• [Data provided]:
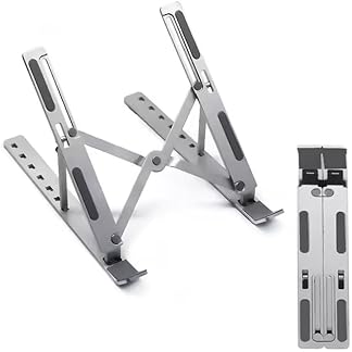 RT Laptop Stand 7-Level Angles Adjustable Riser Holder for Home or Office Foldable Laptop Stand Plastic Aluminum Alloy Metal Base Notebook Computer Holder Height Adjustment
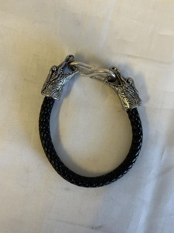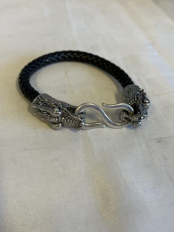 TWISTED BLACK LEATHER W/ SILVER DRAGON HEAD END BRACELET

...

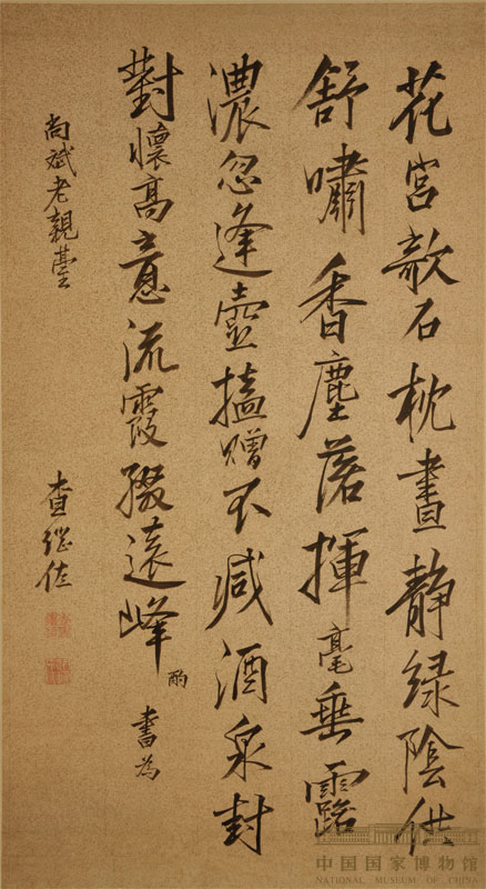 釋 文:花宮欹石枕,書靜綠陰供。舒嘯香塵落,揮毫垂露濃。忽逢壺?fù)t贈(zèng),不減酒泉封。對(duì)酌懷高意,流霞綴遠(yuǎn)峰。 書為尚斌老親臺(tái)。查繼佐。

--

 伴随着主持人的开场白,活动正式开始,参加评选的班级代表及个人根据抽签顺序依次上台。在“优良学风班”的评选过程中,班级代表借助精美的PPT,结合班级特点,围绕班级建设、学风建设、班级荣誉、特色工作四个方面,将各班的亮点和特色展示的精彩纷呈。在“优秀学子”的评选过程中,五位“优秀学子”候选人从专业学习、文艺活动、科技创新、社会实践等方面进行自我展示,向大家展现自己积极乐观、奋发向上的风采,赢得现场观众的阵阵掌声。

• [Instructions to follow]: Pictures excluded, give again exactly and only the lines of the material above from the line with "RT Laptop Stand" through the line with "TWISTED BLACK LEATHER".

• [Completed exercise]:
 RT Laptop Stand 7-Level Angles Adjustable Riser Holder for Home or Office Foldable Laptop Stand Plastic Aluminum Alloy Metal Base Notebook Computer Holder Height Adjustment
 TWISTED BLACK LEATHER W/ SILVER DRAGON HEAD END BRACELET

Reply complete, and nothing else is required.